The model
Poolside AI announced the acquisition of Fern Labs — a London-based forward-deployed research-engineering company behind Bridge, a multi-agent orchestration layer for high-stakes production environments — in November 2025. In May 2026, Poolside formally launched the Poolside Platform and introduced the Forward Deployed Research Engineer (FDRE) role.
FDREs sit with customer teams, identify high-value agentic workflow opportunities, build on the platform, and ship the first automated workflow in weeks before hardening and measuring outcomes. Poolside also operates a security-cleared FDRE track for classified environments — giving the model dual-use coverage across defense and commercial markets, with joint responsibility for outcomes positioning it apart from traditional consulting.
Strengths & weaknesses
Strengths
- FDRE model is tightly integrated with Poolside's platform product, not a standalone service business.
- Fern Labs acquisition accelerated FDE capability with an already-proven team rather than a build-from-scratch.
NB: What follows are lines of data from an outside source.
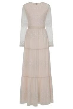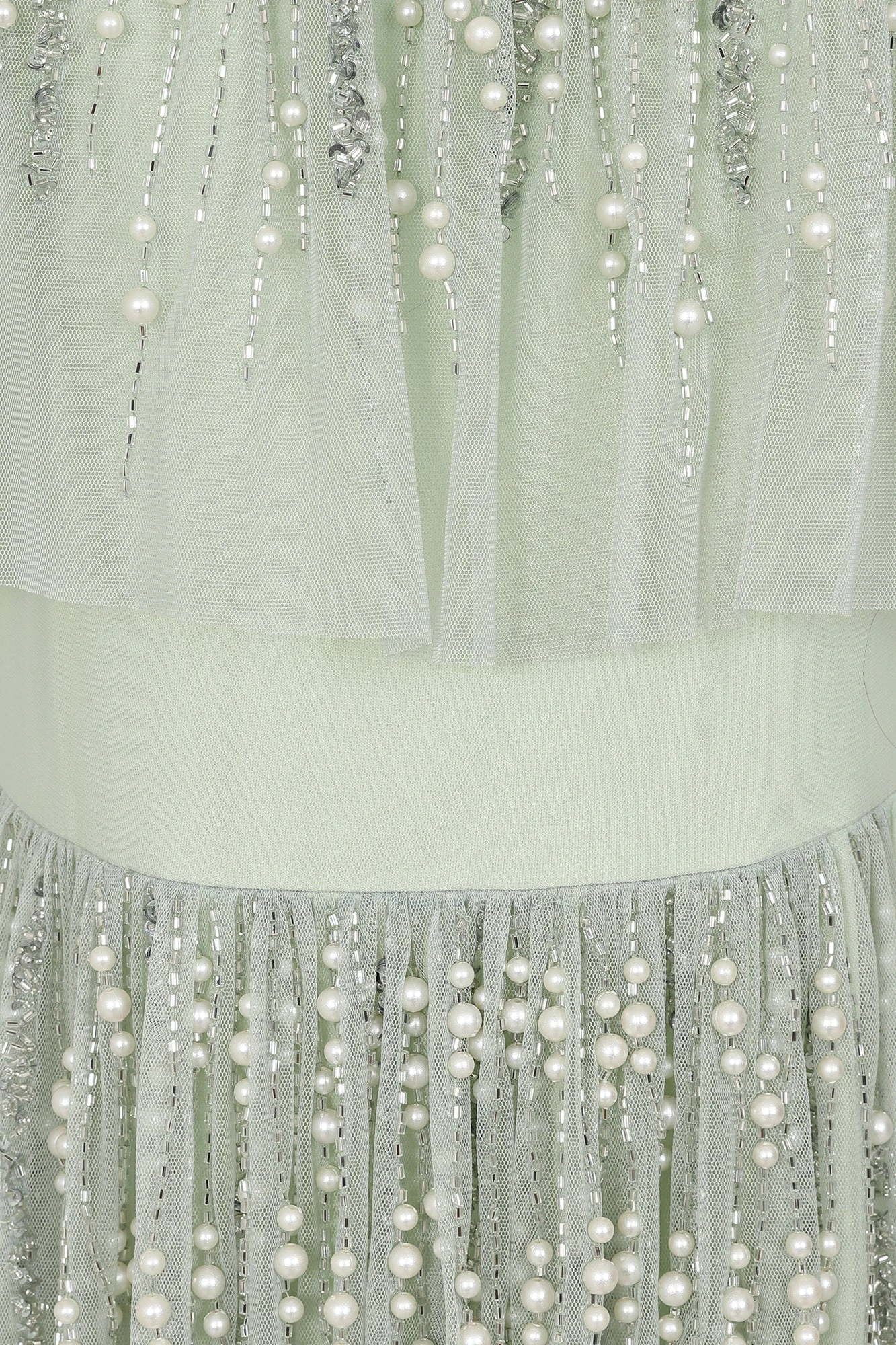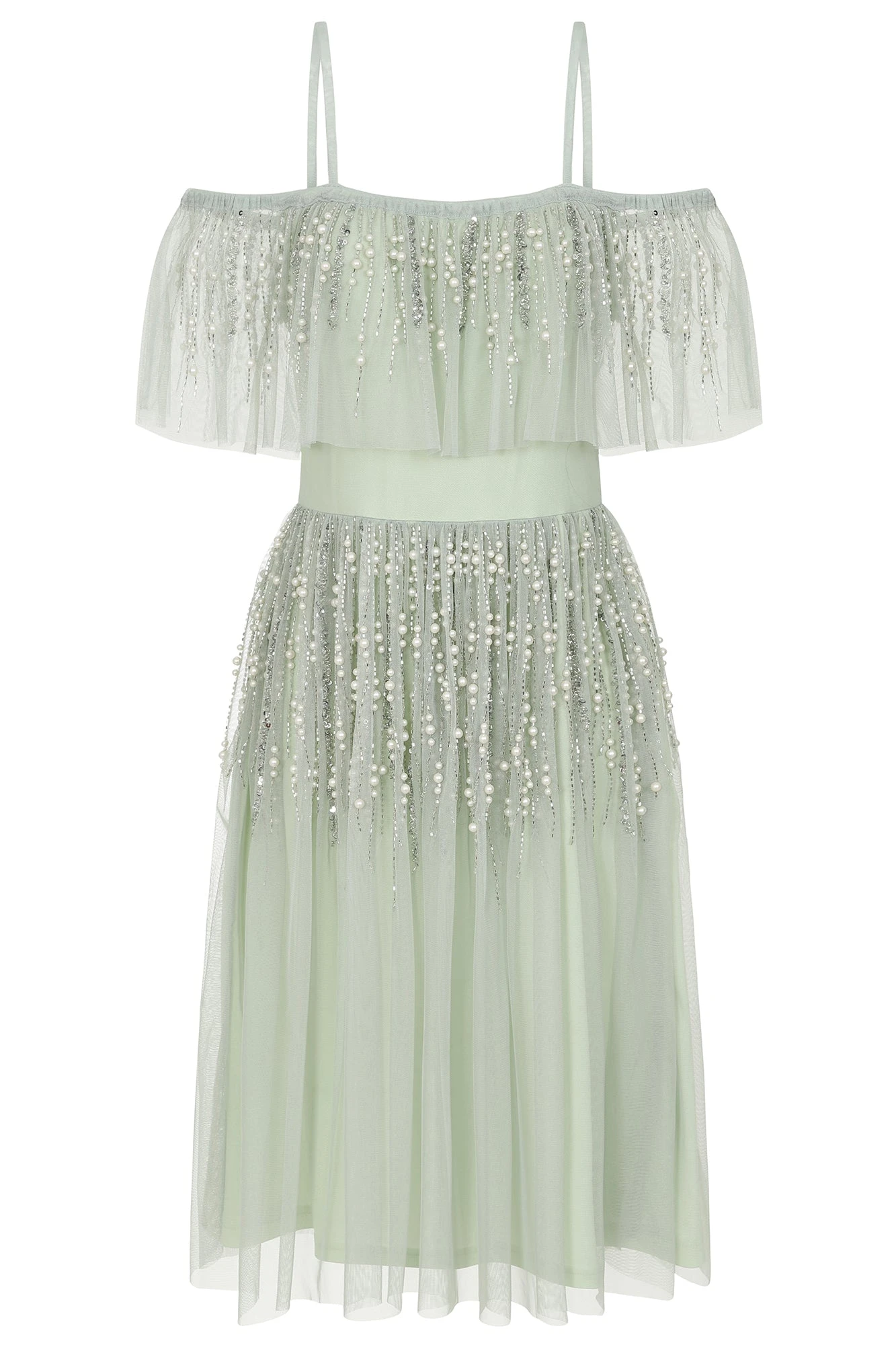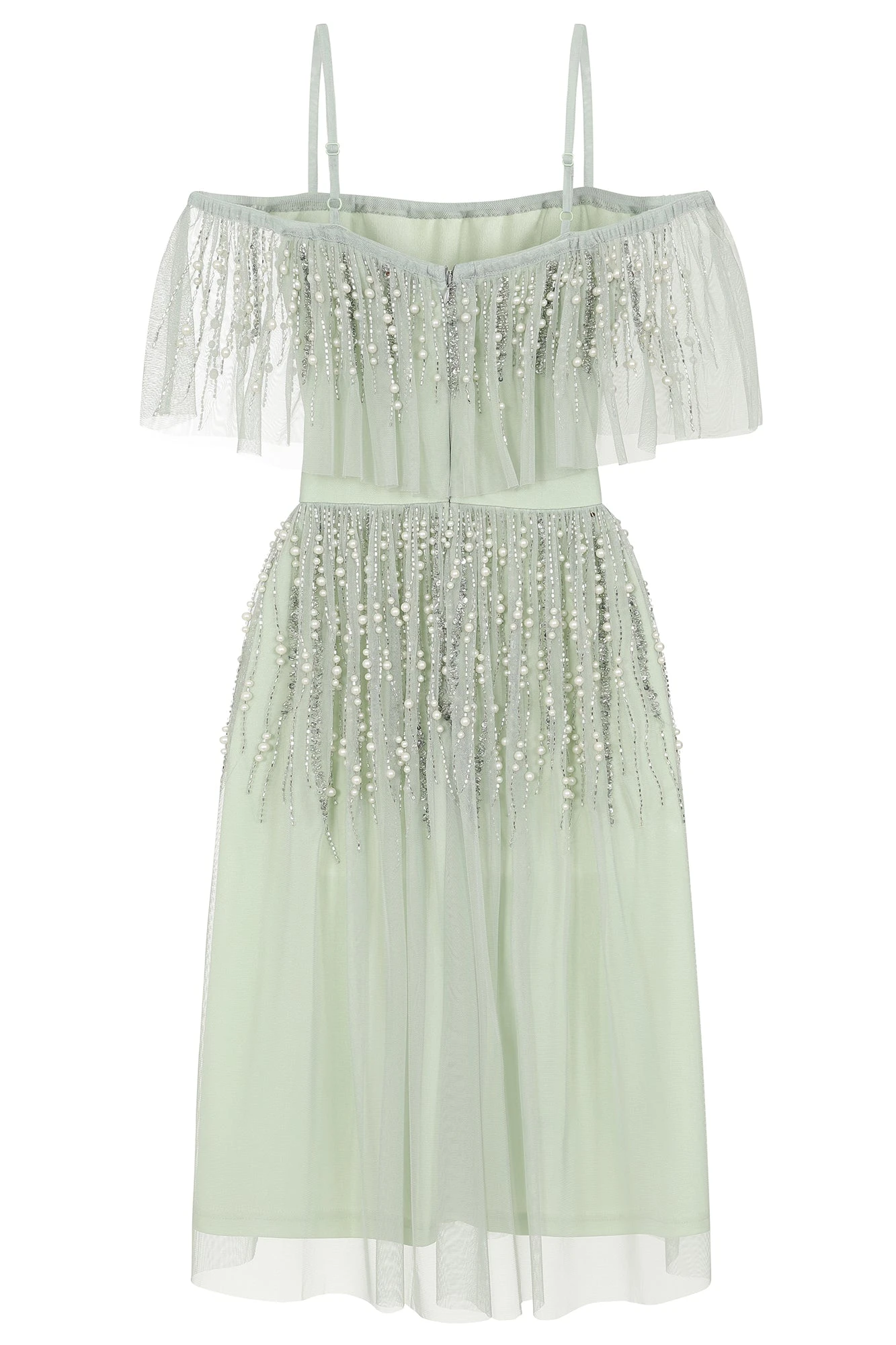 Gorgeous in seafoam green, our super sweet Betty is overlaid with gauzy mesh and decorated with shimmering strands of sequin and pearl embellishment. Designed with a Bardot style neckline, this off the shoulder midi is supported with adjustable cami straps.
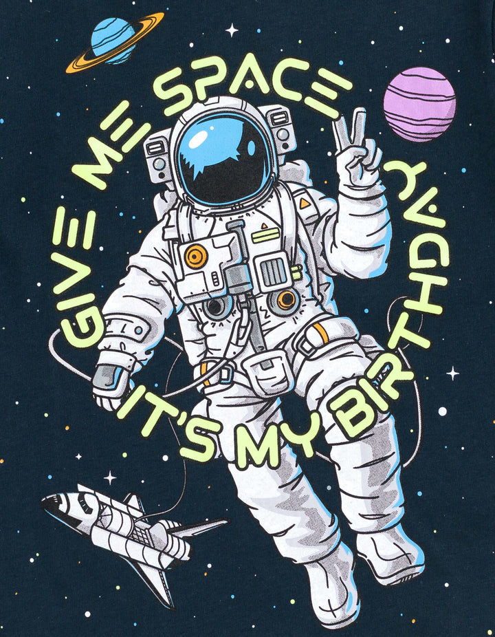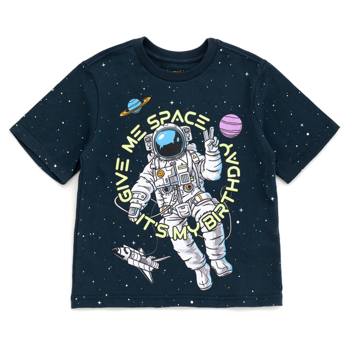 - Vibrant Artwork: Short sleeve graphic tee featuring a cool out of this world screenprint design of an astronaut in space with the words "Give Me Space It's My Birthday" in shiny foil lettering
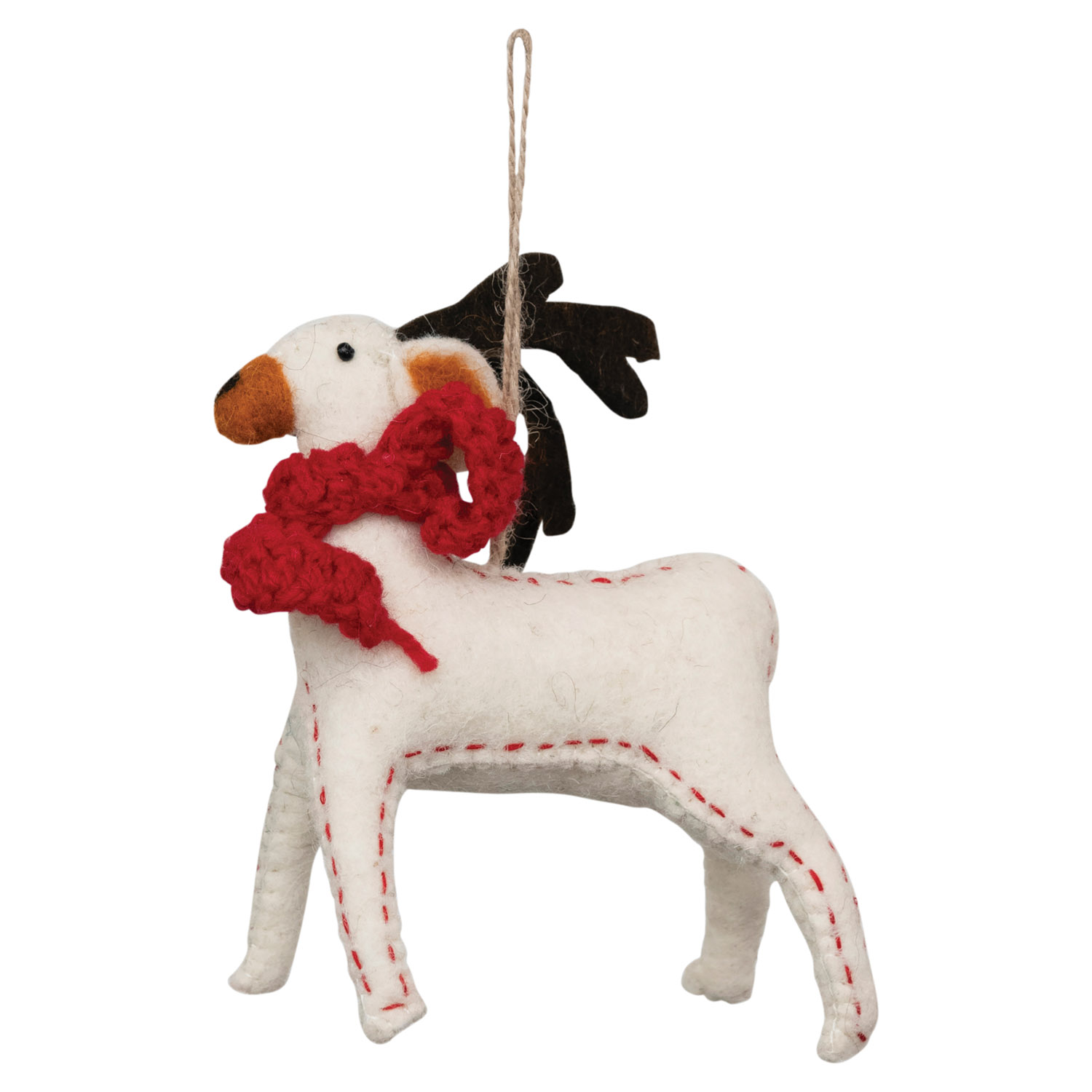 6-1/2"H Wool Felt Reindeer with Scarf Ornament
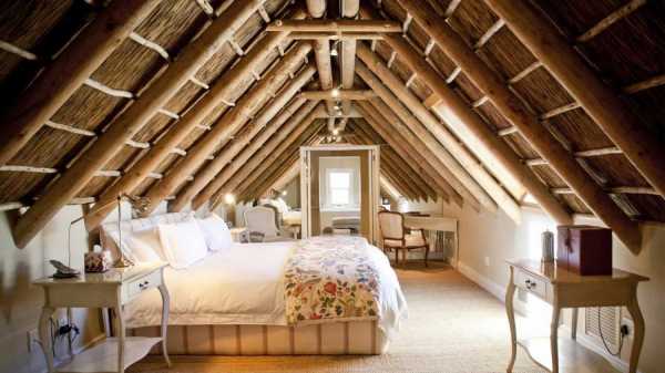 Чтобы потолок не получился слишком низким — балки следует установить повыше, а тип крыши выбрать двухскатную с ломаной конструкцией.

- Dual-use civilian and classified FDRE track provides coverage across defense and commercial markets.
- "Joint responsibility for outcomes" positioning differentiates the model from traditional consulting engagements.
- Bridge multi-agent orchestration layer provides a credible technical anchor for high-stakes production deployments.
Weaknesses
- Poolside is a younger, smaller company with less established enterprise relationships than Microsoft, Google or Deloitte.
- The FDRE-as-research-engineer framing may limit addressable use cases to software-intensive workflows.
- Platform is early-stage and FDRE deployments depend on platform maturity holding pace with demand.
- Acquired-team integration risk: Fern Labs culture must merge with Poolside's commercial GTM ambitions.
- Brand recognition is low outside specialist defense and research-engineering circles.